**The task:** When you reach the line that contains "Dutch Industrial Dining", give it back exactly along with each line after it to the end of the entries; skip any pictures.
━━━━━ Records supplied
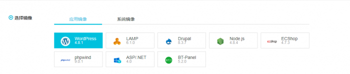 可能最复杂的,还是部署运行环境吧,一般来说,不是运维或者开发人员,都搞不定。为了解决这个问题,轻量应用服务器也借鉴了ECS使用云市场镜像的功能,精选了一些特别优秀的镜像提供给用户,可以满足多种需求,甚至可以达到30秒一键应用启动,主要分为系统镜像和应用镜像两种:
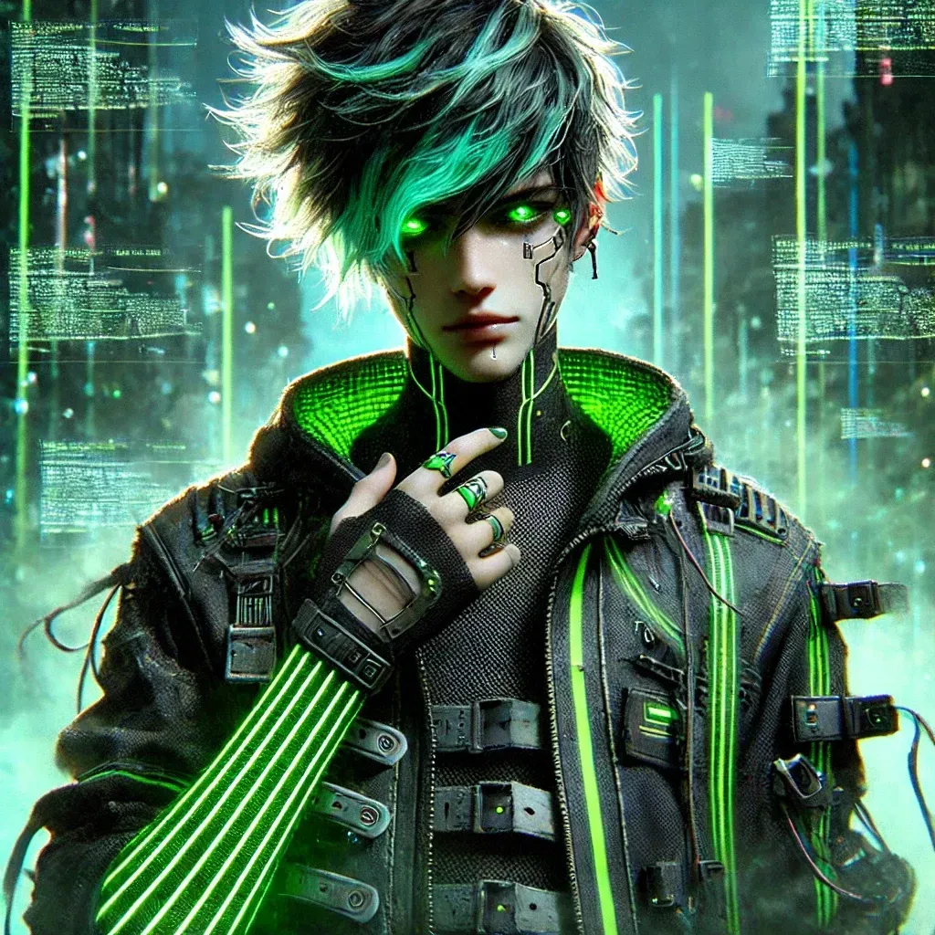 The green sky hums overhead, casting eerie reflections against the rain-slicked metal. Somewhere in the distance, a siren wails, but here, in the forgotten alleys of the digital underground, it's just you and them.
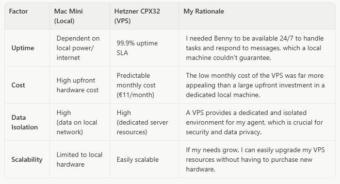 My first major decision was choosing the right infrastructure. While many guides suggest using a local machine like a Mac Mini, I quickly realised that this approach wouldn’t meet my requirements for a production-ready agent. I needed a solution that offered 24/7 uptime, data isolation, and a predictable cost structure. After careful consideration, I chose to deploy Benny on a Hetzner CPX32 Virtual Private Server (VPS) with 8GB RAM, running Ubuntu 24.04.
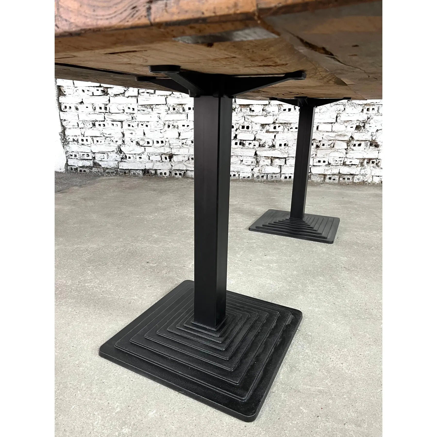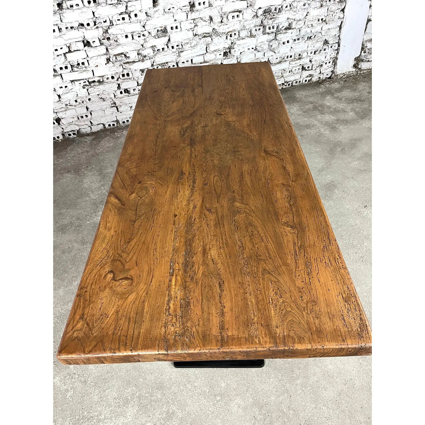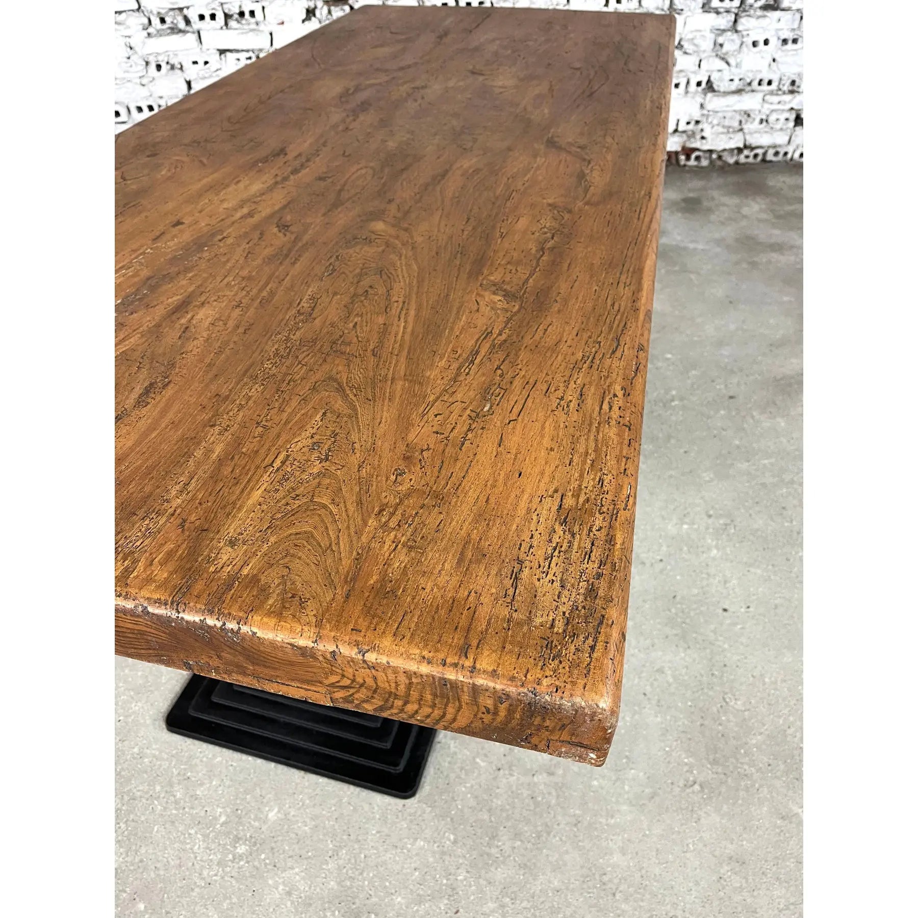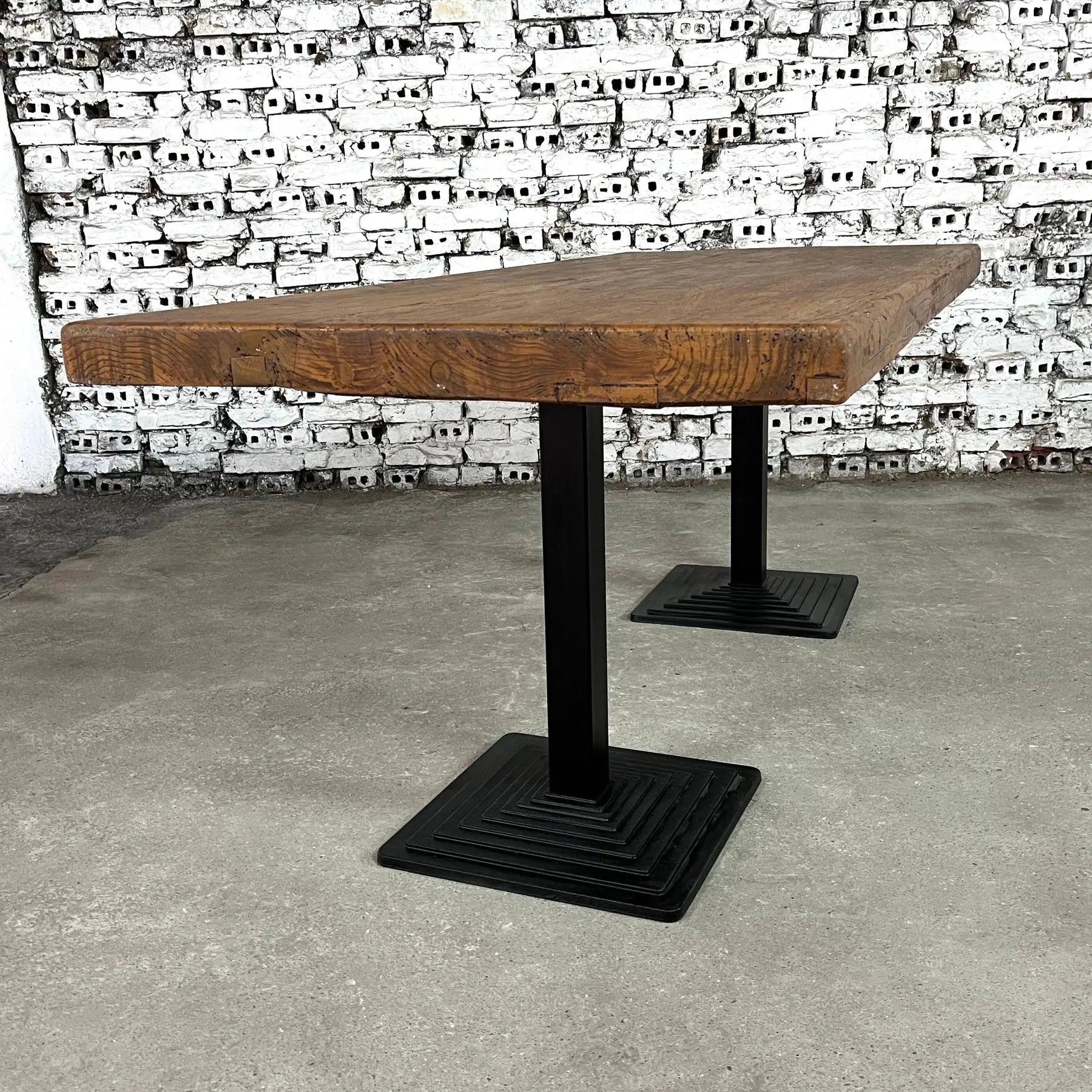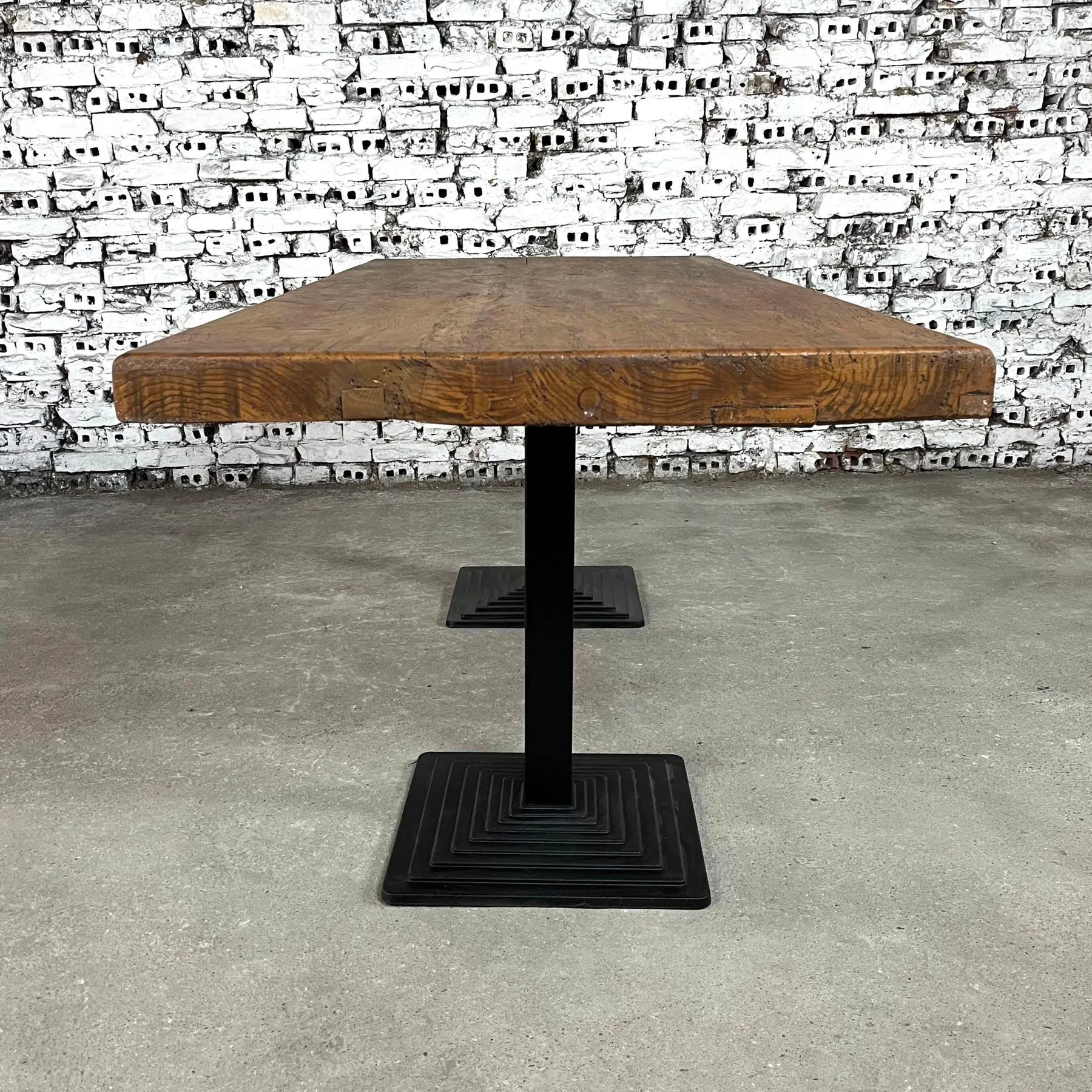 Dutch Industrial Dining table, consisting of 2 solid pedestal cast iron legs supporting a large patinated oak slab plank top. Seats up to 12.
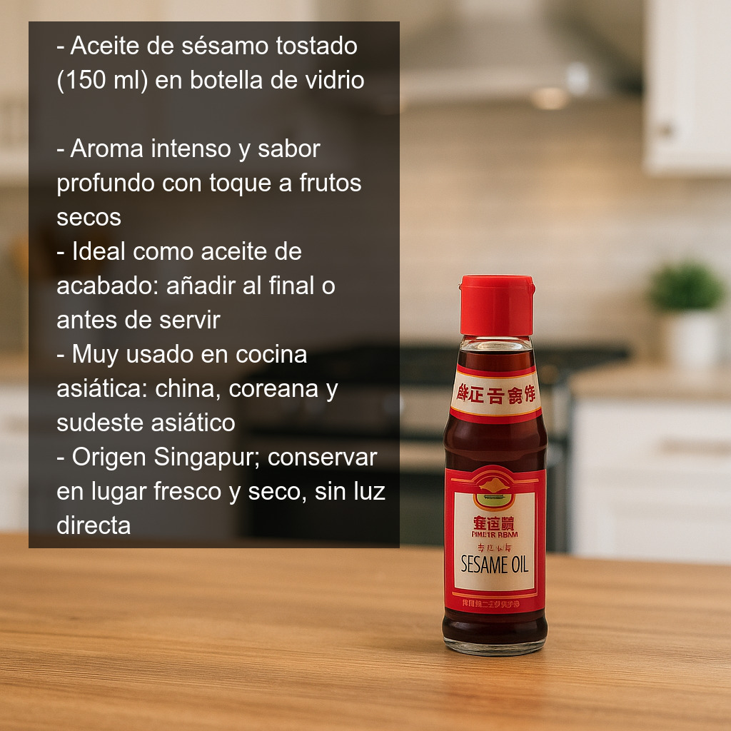 Aceite de sésamo tostado (150 ml) elaborado a partir de semillas de sésamo cuidadosamente tostadas para obtener un aroma intenso, un sabor profundo y un característico toque a frutos secos. Es un aceite muy apreciado en la cocina asiática por su capacidad para realzar y redondear el sabor de los platos con solo unas gotas.
━━━━━━━━━━
**Exercise answer:**
 Dutch Industrial Dining table, consisting of 2 solid pedestal cast iron legs supporting a large patinated oak slab plank top. Seats up to 12.
 Aceite de sésamo tostado (150 ml) elaborado a partir de semillas de sésamo cuidadosamente tostadas para obtener un aroma intenso, un sabor profundo y un característico toque a frutos secos. Es un aceite muy apreciado en la cocina asiática por su capacidad para realzar y redondear el sabor de los platos con solo unas gotas.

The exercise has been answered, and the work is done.